GST: Bombay High Court Restricts Taxpayers’ Ability To Use Credits
The tax department has the power to impose a time limit for use of accumulated credits from the erstwhile indirect tax regime, the Bombay High Court has held.
Since high courts of Haryana, Calcutta, Delhi, Karnataka, Madras and Himachal Pradesh have dismissed such restrictions on taxpayers, the matter will now need to be settled by the Supreme Court, experts told BloombergQuint.
The Bombay High Court judgment comes as a setback for companies that, for some reason or the other, were not able to upload details through form Tran-1 and transition the credit balance to the GST regime, Rajat Bose, partner at Shardul Amarchand Mangaldas, said.
Transitional Credit: Story So Far
When the goods and services tax was introduced in June 2017, it had allowed taxpayers to carry forward accumulated input tax credits.
Input tax credit is the tax paid on inputs.
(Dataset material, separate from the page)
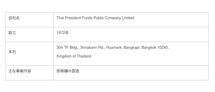 本事業では、世界各国の市場に合わせた商品開発に強みを持ち、タイで即席麺の製造販売最大手のThai President Foods(タイプレジデントフーズ) Public Company Limitedが技術パートナーとなり、製造技術や品質管理の指導を受けながら、新たな商品を共同開発しています。
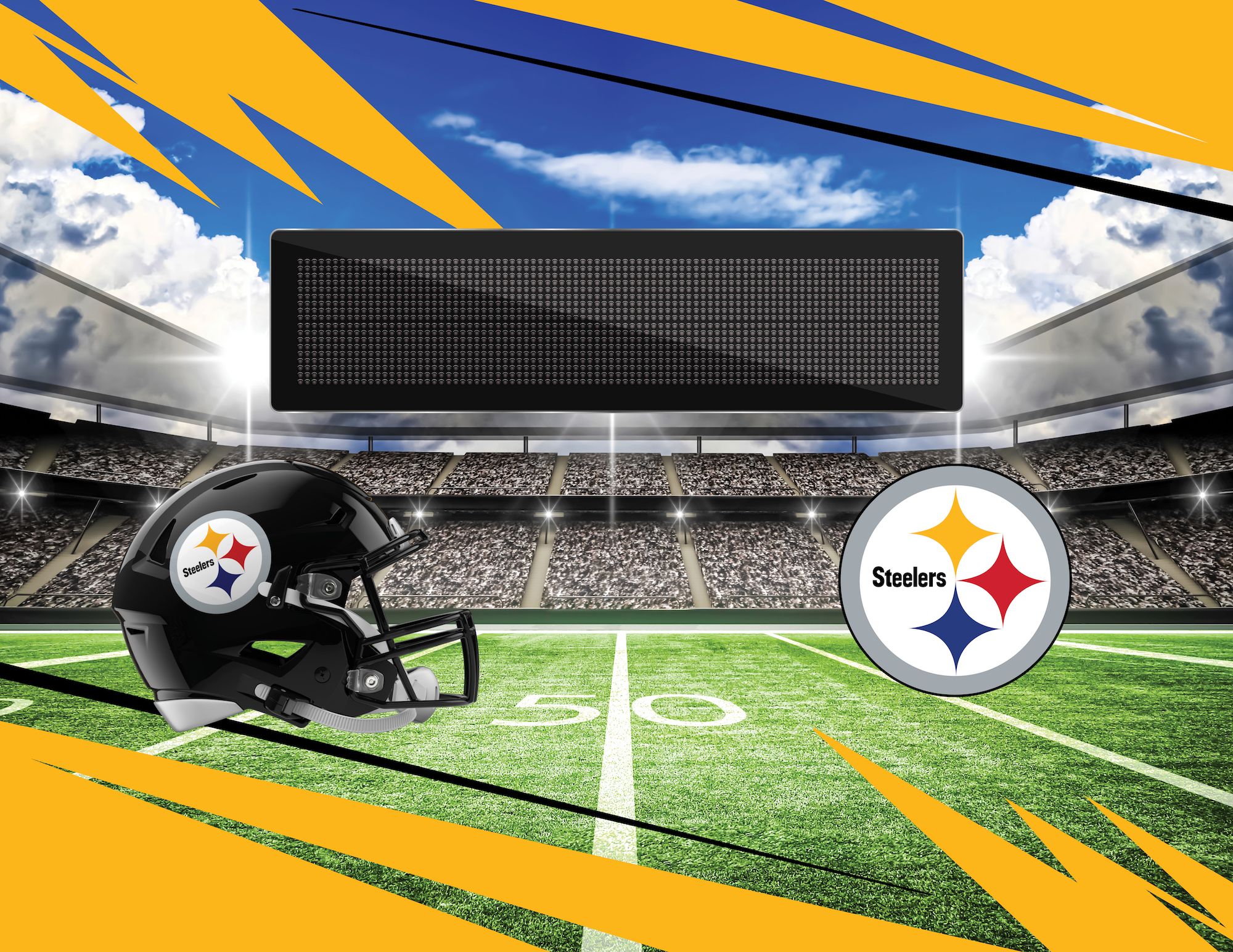 Features a football stadium, helmet and your favorite team's logo with a scoreboard ready for your personalization

Businesses get a credit for this to deduct from the tax on the output so as to avoid double taxation and pay tax only on the value added.
After several extensions, businesses were asked to file form TRAN-1 by Dec. 27, 2017. Those facing technical difficulties have been given time till March 31, 2020. This was done by department by using its powers under Rule 117 of the Central GST Act.
Taxpayers across the country challenged this rule. Broadly, they have argued that Rule 117, which allows the department to prescribe a time limit to file the form, is ultra vires. And that input tax credit is a right, and not a concession given to taxpayers.
But the department’s stance has been that this credit could’ve been disallowed under the older regime but it was allowed to carry forward as a concession. Input tax credit is in the nature of an exemption. It’s not a matter of right — this fact has been affirmed by courts through various judgments. And finally, the department can accommodate cases where the failure to file the form is attributable to technical difficulty.
Transition Credit: Bombay High Court View
The Bombay High Court agreed with the tax department’s stance and upheld the legal validity of the time limit imposed for filing of form TRAN-1. The reference to input tax in the CGST Act is in nature of a concession. It is not by way of a right. The credit, which might have lapsed due to change in tax regime, was in fact, allowed to be carried forward by the tax department, the high court has said.
Input tax credit can be regulated through time limits, which are required for efficient administration of the tax system in public interest. Transitional provisions would become unworkable if no time limit was prescribed. – Bombay High Court
A registered business can file TRAN-1 under extended timelines—March 31, 2020—only if the delay is on account of any ‘technical difficulty’. The delay, however, must be attributable to the GST portal and issues like ‘lack of internet connectivity’ or power failure are not technical difficulties, the court has said in its order.
The high court has held so in the case Nelco Ltd., which had challenged the constitutional validity of time limits for filing TRAN-1. Nelco had argued that it could not file the form due to “technical difficulties” and would lose out on availing the accrued CENVAT credit if it was not allowed to file.
But the high court dismissed the company’s arguments on grounds that its failure to file form TRAN-1 cannot be traced to a ‘technical difficulty’.
The judgment will impact existing cases, especially if businesses are unable to prove that technical glitches faced were on behalf of the GST portal, Anish Tripathi, an independent GST consultant, told Bloomberg Quint. “In effect, this ruling has shut the door for taxpayers who have been unable to transition the outstanding credit to the new GST regime,” Tripathi said.
The Retrospective Amendment Twist
Bose pointed to a contrary ruling by other high courts who have held the right to transition CENVAT credit into the GST regime as an ‘indefeasible right’, which cannot be curtailed by providing a time limit. But the government has brought in a specific retrospective amendment under Budget 2020 to negate these precedent, he said.
Section 140 of CGST Act has been amended effective July 2017 to say that CENVAT credit has to be furnished by taxpayers “within such time and in such manner as may be prescribed”. This has been done to give statutory backing to the department’s stance, experts said.
The GST department is likely to rely on the Bombay High Court ruling to issue notices for recovery of credits, especially in light of the amendment to section 140, Bose said.
Companies adversely affected due to the retrospective amendment can approach the court and challenge the amendment as there are precedents where it has been held that vested rights cannot be taken away by retrospective amendments.Rajat Bose, Partner, Shardul Amarchand Mangaldas
Taxpayers are likely to lose out on rightly accrued input tax credit in any case, either due to denial or an expensive and prolonged litigation, Tripathi said.